医療従事者ならば広範な学習用途に応用することができそうだ。
MRで手術室の「レイアウト」を整える
医療機器メーカーStrykerの活用事例。
オペを始める前に、HoloLensを着用した医療関係者の間で手術イメージを共有することで、「手術室のどこにどの機器を配置するか」をスムーズに決定することが出来る。
視覚的なイメージを共有してレイアウトを決定するので、言葉のみで相談し合うよりも、ディスコミュニケーションが発生する可能性を低く抑えることが出来るという。
「建築」×HoloLens
最後に「建築」。
2Dの設計図面をベースに、建築物の完成予想図をホログラムとして投影するシステムがあれば、設計者にとっても、また顧客にとっても非常に便利なものとなる。
建つ前から新居内部を確認!
不動産業者を仲介した内覧サービス自体は以前から存在している。ただし設計図の段階から新居を「内覧」することが出来るサービスは今のところ珍しい。
VeriConが開発したHoloLensアプリを使えば、設計図段階の住居をMRオブジェクトとしてシミュレートすることが出来る。
動画にあるようにただ空き地を歩くだけで、家の内側も外側も体験することができる。さらには建屋だけではなく、ベットやキッチンカウンターなどといった家具もMRオブジェクトとして配置されているようだ。
建築現場を強力にサポート
VeriConのアプリが消費者のためのものだったのに対して、GyroEye Holoは建築現場の作業を支援するツールだ。
建築作業場で、2次元図面のデータをMRとしてシミュレートすることで、実際の作業状況を図面に基づいて検証することが可能となる。

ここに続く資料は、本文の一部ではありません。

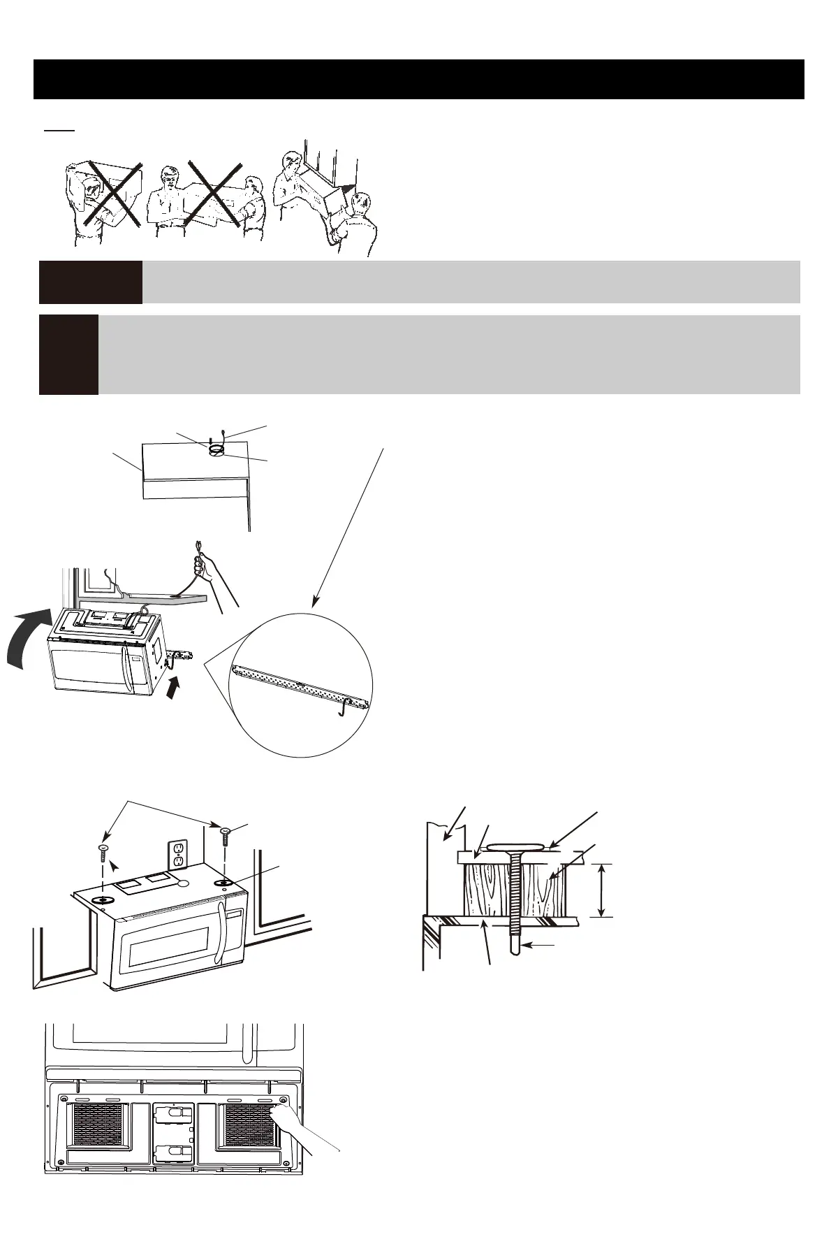 1. Levante el microondas, inclínelo hacia adelante y enganche las

GyroEye Holoを採用すれば「墨出し」といった作業工程を省略することが可能となる。
また建築事務所と現場の間で、クラウドを通じたデータ共有が可能となっているので、連絡ミスなどから発生する作業の遅延を防ぐ効果も期待できる。
[参考記事]
・Hololensxサングラスで屋外利用も可能に!MR支援ツール「GyroEye Holo」が東大にて実証実験を実施
新しい「情報との相互作用」のカタチ
冒頭で述べたが、MRはリアルとバーチャルを深く融合させる技術だ。MRは可視化された情報、バーチャルなオブジェクトに対して、人間が能動的に働きかけることを可能とする。
しかし単にオブジェクトを操作することができるだけではない。ここまで見てきた多くの事例がそうであったように、HoloLensを使用するシステムやアプリは仲間と情報を共有することが可能だ。このためHoloLensの活用は、新しいコミュニケーションのあり方を生み出すことにも繋がるかもしれない。
しかし問題は、MRが今後ARやVRと同じくらいの規模を持つ市場を形成できるのかという点にある。HoloLensはそもそも一般消費者向けに提供されているわけではないのだが、現状ではあまりに高価と言えるだろう。
DIYタイプのMRヘッドセットも登場しているが、こうした価格設定を含めて今後の展開に注目だ。